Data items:

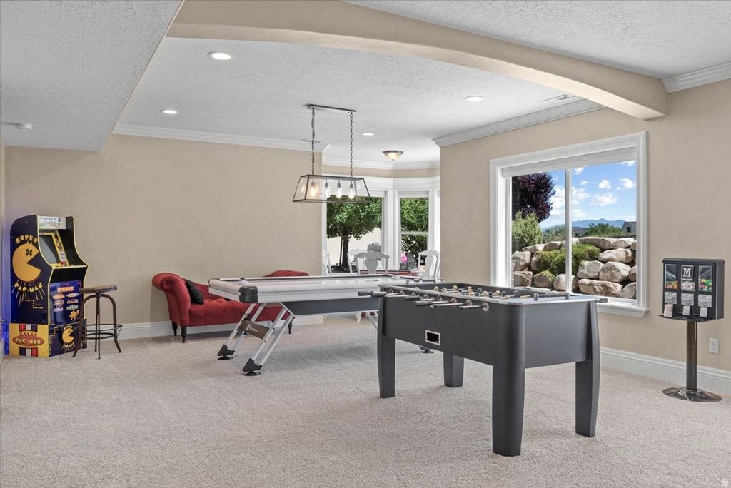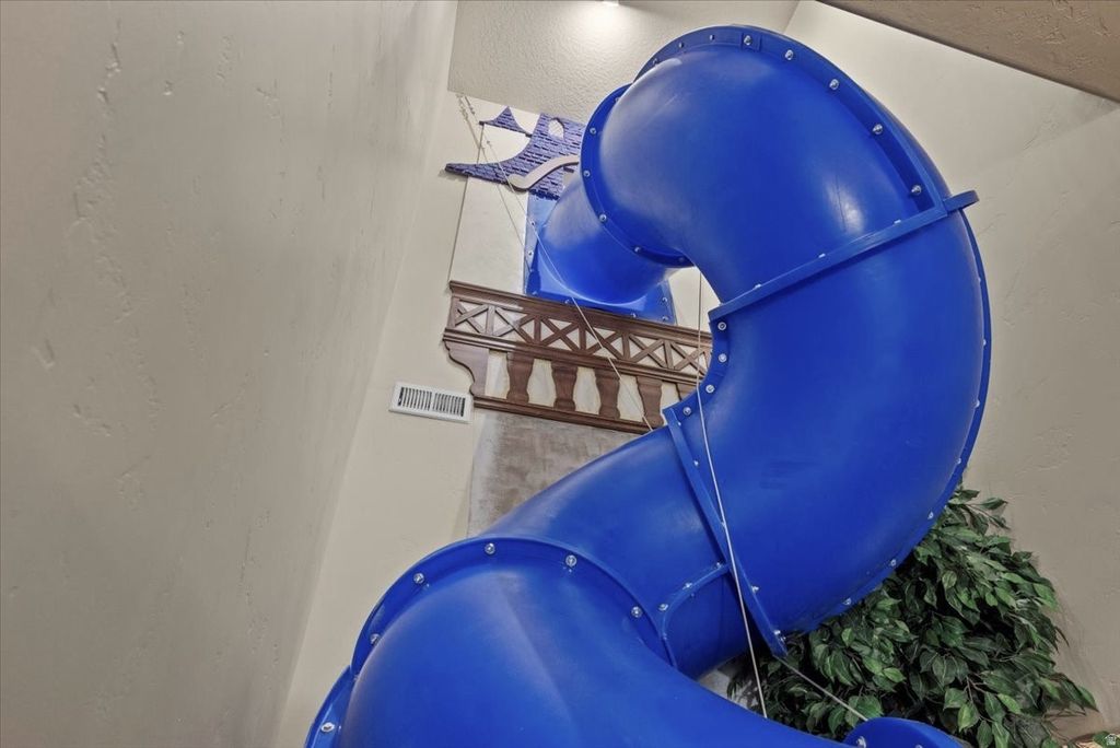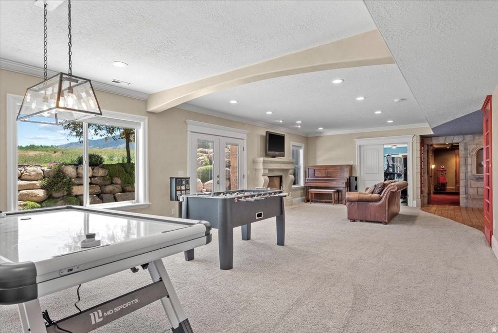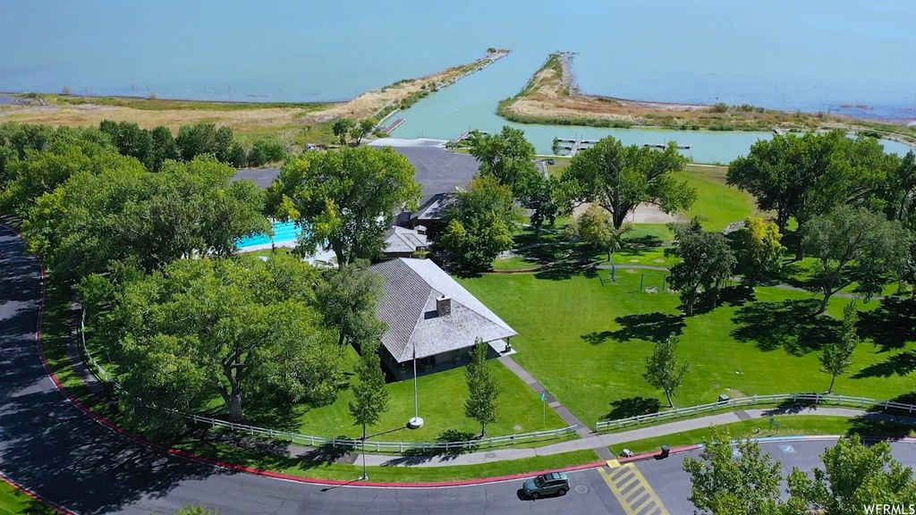 Updated ultra-custom masterpiece, located in a private lakeside resort community, backing Talon's Cove Golf Course with views of Mount Timpanogos, Utah Lake and one of the most scenic fairways in Utah. Prime location, timeless design, and quality craftsmanship with attention to every detail make this one of Saratoga's finest and most uniquely impressive homes, which must be seen in person to fully appreciate. The main level is ideal for gatherings with a grand entry, extensive great room with soaring windows and ceilings, gourmet kitchen with a butler's pantry, and formal dining. The main-level primary suite extends into the southeast tower, providing a sanctuary space with panoramic views, and includes a spa-like bathroom, and an expansive closet with built in shoe racks, drawers and an island, along with secondary laundry hookups. Additional main-floor highlights include a two-story executive office/den/library with floor-to-ceiling windows, built-in workspace and bookshelves, and coffered ceilings; a mud room area with abundant cabinetry for storage.; and an extensive laundry room with flex space for crafts, projects, home business or other use. The daylight basement is a wonderland for all ages. Children (or the young-at-heart) might prefer to skip the stairs and access the basement by taking a concealed slide from Rapunzel's Tower to Cinderella's Castle on the way to Snow White's Cottage, and passing by the Beast's Den before exiting into a vintage English street setting (Harry Potter themed occasionally) with a parlor leading to a luxury theater including stadium seating and Dolby Atmos surround sound for a true cinematic experience. Other basement features include a massive family room with space for a wide variety of recreational activities; a corner tower room with panoramic windows, a guest bedroom and bathroom suite; a large additional bedroom or workout area; abundant storage spaces, and a walkout exit with French doors. The upstairs level features two bedrooms with full ensuite bathrooms, a spacious additional bedroom/bonus room above the garage, a large loft with access to the covered deck and a secret lounge accessible through a built-in bedroom bookshelf. The corner firepole (with restricted access) will get you from upstairs to the main level quickly in the event of a fire (or if you are just running late for dinner). Exterior features include a private inner courtyard with a garden, waterfall, and full-size gas or wood burning brick fireplace; a covered deck and patio with postcard-worthy views; customizable landscape lighting to accentuate the beautiful and mature landscaping; in-ground trampoline; 43 solar panels, providing abundant clean electricity at a nominal cost; spacious 4-car garage spanning over 1,000 sf.; RV / boat parking, etc. Comfort and livability features include radiant floor heat in select tile areas, reverse osmosis water system, instant hot water, integrated humidifier, whole home intercom system, soundproofing, and four bedrooms with full ensuite bathrooms. Experience the incredible lifestyle this home and community provide. Unique and extensive HOA amenities include a private boat marina; multiple lakefront clubhouses with exercise facilities, game rooms, swimming pools and spas, including a one-of-a-kind year-round natural hot-springs pool & spas; multiple parks, including a lakeside park with a stream, beach volleyball, playground, large pavilion with an outdoor fireplace; scenic walking trails along Utah Lake, etc. This remarkably serene atmosphere is only minutes away from extensive restaurants, shopping and other conveniences. New roof installed in May 2025. Home warranty included with sale. To view a video tour and a point/click 3D property tour click "View Tours" on the listing, or visit: https://my.matterport.com/show/?m=1m8i9zUQHD8 (for a 3D tour) or https://vimeo.com/964750567?share=copy (for a Video Tour). Note - portions of home were painted and updated after the Video and 3
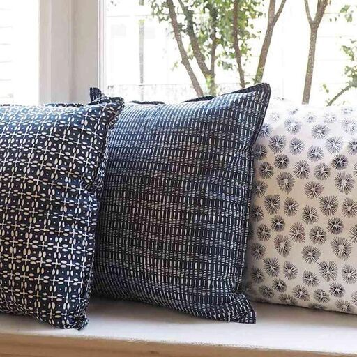 Para alegrar su interior, estos cojines de algodón con estampado de bloques son ideales.
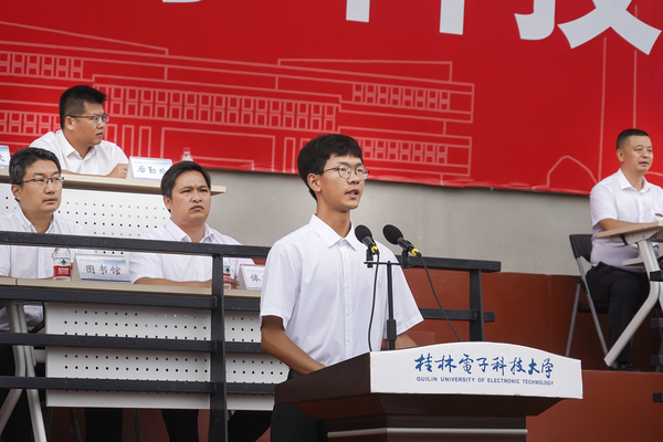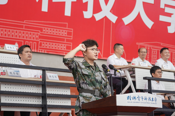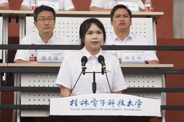 在校生代表、校学生会执行主席、商学院2021级本科生孟小丹结合自己的在校经历,希望学弟学妹们在桂电求学期间,和自己来个约定,做一个目标明确、矢志向前,敢于尝试、追求进步,心怀家国、挺膺担当的桂电人。
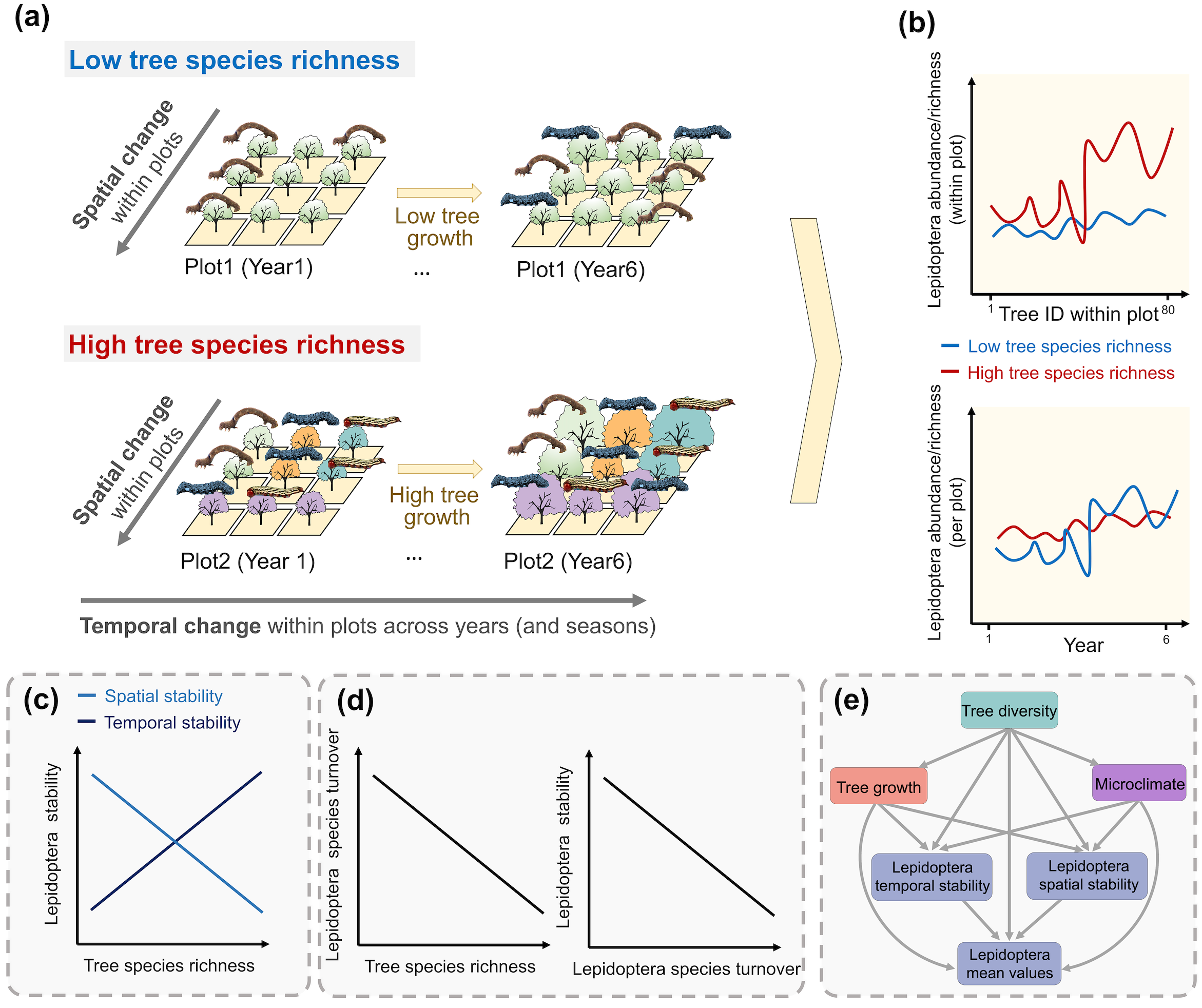 森林生态系统正面临日益加剧的环境变化压力,导致生物多样性下降,并增加了发生生物干扰的风险。虽然已有研究强调在探讨生物多样性丧失后果时应关注生态系统功能的时空维度,但大多集中在植物层面。而事实上,更高营养级的群落不仅在维持生物多样性与生态系统功能关系中发挥关键作用,同时也是森林中频繁发生的生物干扰事件的重要驱动因素。因此,深入解析植食性昆虫群落稳定性的驱动机制,不仅是理解森林生态学规律的核心科学问题,也是应对森林管理挑战的现实需求。
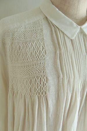nesessaire ハンドスモッキングギャザーシャツワンピースWH
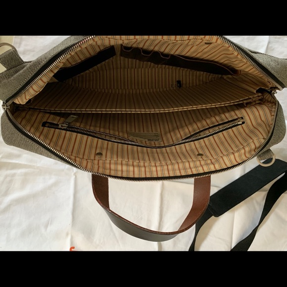 Jack Spade unisex briefcase in black and white herringbone print, with functional dividers on the interior and exterior zip pocket. Detachable strap and original duster bag.

Required work: What is needed is every record above, returned exactly, with the pictures omitted.

Reply to the task:
 Updated ultra-custom masterpiece, located in a private lakeside resort community, backing Talon's Cove Golf Course with views of Mount Timpanogos, Utah Lake and one of the most scenic fairways in Utah. Prime location, timeless design, and quality craftsmanship with attention to every detail make this one of Saratoga's finest and most uniquely impressive homes, which must be seen in person to fully appreciate. The main level is ideal for gatherings with a grand entry, extensive great room with soaring windows and ceilings, gourmet kitchen with a butler's pantry, and formal dining. The main-level primary suite extends into the southeast tower, providing a sanctuary space with panoramic views, and includes a spa-like bathroom, and an expansive closet with built in shoe racks, drawers and an island, along with secondary laundry hookups. Additional main-floor highlights include a two-story executive office/den/library with floor-to-ceiling windows, built-in workspace and bookshelves, and coffered ceilings; a mud room area with abundant cabinetry for storage.; and an extensive laundry room with flex space for crafts, projects, home business or other use. The daylight basement is a wonderland for all ages. Children (or the young-at-heart) might prefer to skip the stairs and access the basement by taking a concealed slide from Rapunzel's Tower to Cinderella's Castle on the way to Snow White's Cottage, and passing by the Beast's Den before exiting into a vintage English street setting (Harry Potter themed occasionally) with a parlor leading to a luxury theater including stadium seating and Dolby Atmos surround sound for a true cinematic experience. Other basement features include a massive family room with space for a wide variety of recreational activities; a corner tower room with panoramic windows, a guest bedroom and bathroom suite; a large additional bedroom or workout area; abundant storage spaces, and a walkout exit with French doors. The upstairs level features two bedrooms with full ensuite bathrooms, a spacious additional bedroom/bonus room above the garage, a large loft with access to the covered deck and a secret lounge accessible through a built-in bedroom bookshelf. The corner firepole (with restricted access) will get you from upstairs to the main level quickly in the event of a fire (or if you are just running late for dinner). Exterior features include a private inner courtyard with a garden, waterfall, and full-size gas or wood burning brick fireplace; a covered deck and patio with postcard-worthy views; customizable landscape lighting to accentuate the beautiful and mature landscaping; in-ground trampoline; 43 solar panels, providing abundant clean electricity at a nominal cost; spacious 4-car garage spanning over 1,000 sf.; RV / boat parking, etc. Comfort and livability features include radiant floor heat in select tile areas, reverse osmosis water system, instant hot water, integrated humidifier, whole home intercom system, soundproofing, and four bedrooms with full ensuite bathrooms. Experience the incredible lifestyle this home and community provide. Unique and extensive HOA amenities include a private boat marina; multiple lakefront clubhouses with exercise facilities, game rooms, swimming pools and spas, including a one-of-a-kind year-round natural hot-springs pool & spas; multiple parks, including a lakeside park with a stream, beach volleyball, playground, large pavilion with an outdoor fireplace; scenic walking trails along Utah Lake, etc. This remarkably serene atmosphere is only minutes away from extensive restaurants, shopping and other conveniences. New roof installed in May 2025. Home warranty included with sale. To view a video tour and a point/click 3D property tour click "View Tours" on the listing, or visit: https://my.matterport.com/show/?m=1m8i9zUQHD8 (for a 3D tour) or https://vimeo.com/964750567?share=copy (for a Video Tour). Note - portions of home were painted and updated after the Video and 3
 Para alegrar su interior, estos cojines de algodón con estampado de bloques son ideales.
 在校生代表、校学生会执行主席、商学院2021级本科生孟小丹结合自己的在校经历,希望学弟学妹们在桂电求学期间,和自己来个约定,做一个目标明确、矢志向前,敢于尝试、追求进步,心怀家国、挺膺担当的桂电人。
 森林生态系统正面临日益加剧的环境变化压力,导致生物多样性下降,并增加了发生生物干扰的风险。虽然已有研究强调在探讨生物多样性丧失后果时应关注生态系统功能的时空维度,但大多集中在植物层面。而事实上,更高营养级的群落不仅在维持生物多样性与生态系统功能关系中发挥关键作用,同时也是森林中频繁发生的生物干扰事件的重要驱动因素。因此,深入解析植食性昆虫群落稳定性的驱动机制,不仅是理解森林生态学规律的核心科学问题,也是应对森林管理挑战的现实需求。
nesessaire ハンドスモッキングギャザーシャツワンピースWH
 Jack Spade unisex briefcase in black and white herringbone print, with functional dividers on the interior and exterior zip pocket. Detachable strap and original duster bag.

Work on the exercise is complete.